Labor market conditions amplify the effect significantly. During periods of high unemployment or large applicant pools — such as the post-2022 tech layoff wave, which put hundreds of thousands of experienced candidates back on the market — companies face no immediate pressure to lower barriers. When 400 people apply for a single role, there is always someone who meets even inflated requirements. The cost of high standards feels invisible because the pipeline stays full. Only in tight labor markets, like 2021's hiring surge, do companies visibly drop requirements — proof that the requirements were never really about the job in the first place. When the market loosened again, the requirements crept back up.
How People Cope Today
The most consistently effective approach is to treat posted requirements as a negotiating position rather than a hard threshold. Research on hiring outcomes — including a widely cited internal study from Hewlett-Packard — suggests that many hiring managers expect candidates to apply without meeting every listed criterion, and that the actual decision is made on a broader read of the resume and interview. Applying when you meet 60–70% of listed requirements, particularly the role-specific technical ones, is generally rational. The experience number is often the most negotiable item on the list.

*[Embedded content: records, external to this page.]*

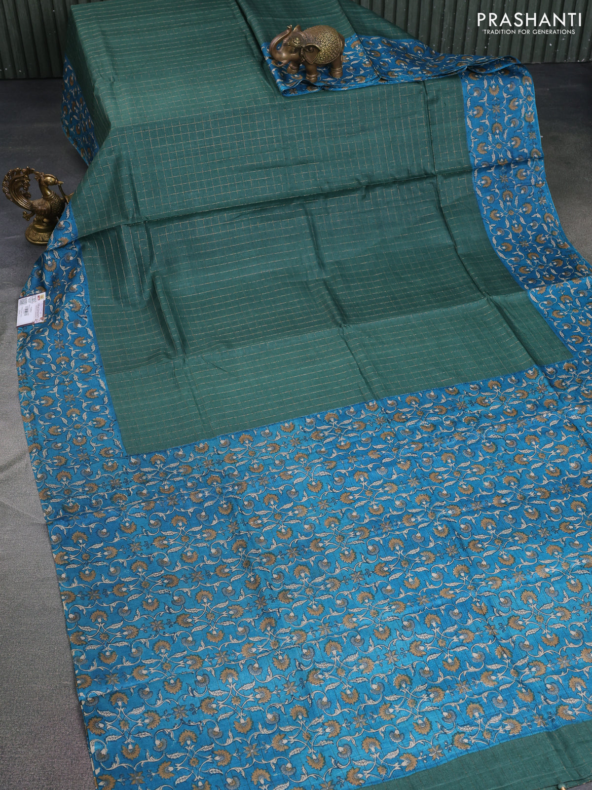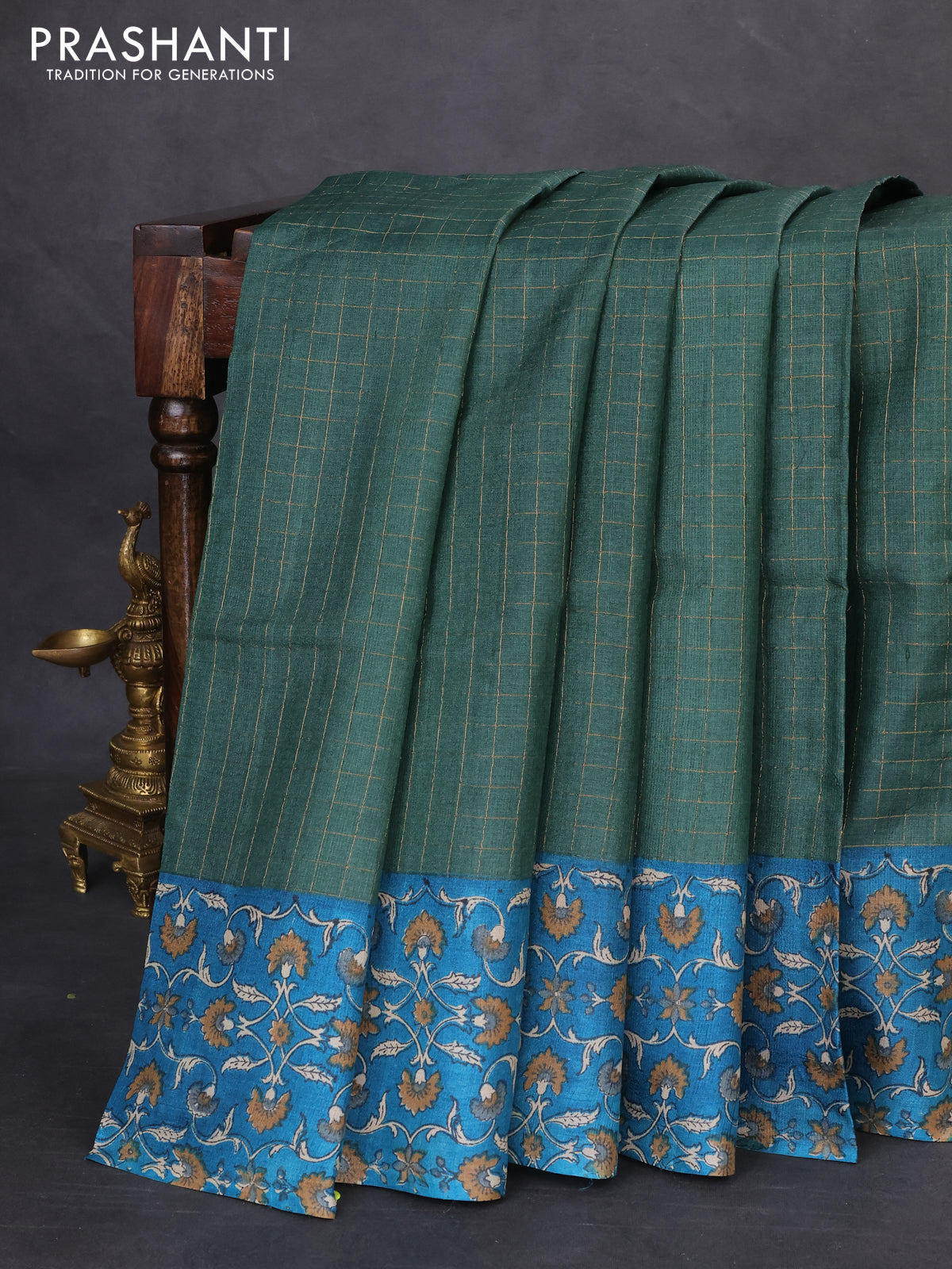 Pure tussar silk saree green and cs blue with allover zari checked pattern and kalamkari printed border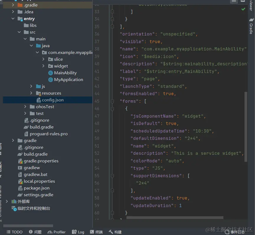 (vi)开发环节:创建完之后然后就可以看到在原有的subject中生成了config.json文件。js默认配置了卡片大小等信息,froms下的是ability中生命周期管理的核心部分(用于回调),会在主函数中实现调用。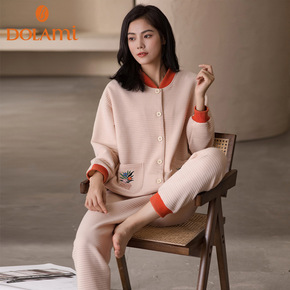 多拉美睡衣女秋冬纯棉长袖薄款夹棉空气棉开衫夹层家居...

Concrete workarounds that address the system's actual mechanics include: building a portfolio of documented project outcomes that functions as a substitute for years-on-the-job (it gives ATS-bypassing humans something to evaluate), using referrals to route applications past the automated screening layer entirely, and targeting companies small enough that a human reads every application. Contract work, freelance projects, and open-source contributions can be legitimately framed as professional experience — because they are. The goal is to produce the signal that "years of experience" is being used as a proxy for, not to fabricate the years themselves.
The broader pattern here is one that appears across many modern systems: a proxy measure gets institutionalized, optimized for, and eventually detached from the underlying thing it was supposed to represent. Years of experience was once a rough signal for competence and reliability. It became a number in a database field, then a keyword filter, then an industry norm copied without scrutiny. The problem is not that employers want competent people — it's that the tool they're using to find them stopped measuring competence a long time ago. Recognizing that gap is what lets you work around it.
Key Takeaways
- The core system insight: experience requirements are not calibrated to job needs — they are risk-management tools for hiring managers and filter parameters for ATS software, optimized for institutional defensibility rather than accurate candidate selection.
- The key mechanism is proxy detachment: 'years of experience' was once a rough signal for competence but became a copied, inflated number that spreads virally through job description templates with no connection to actual role demands.
- The practical implication: posted requirements are a negotiating position, not a hard threshold — applying at 60–70% qualification match is rational, and bypassing ATS via referrals or portfolio evidence directly addresses the system's actual filtering logic.
- The broader context: labor market conditions are the clearest proof that requirements are artificial — companies visibly drop experience demands in tight hiring markets and restore them when applicant pools grow, revealing that the numbers reflect supply and demand, not job complexity.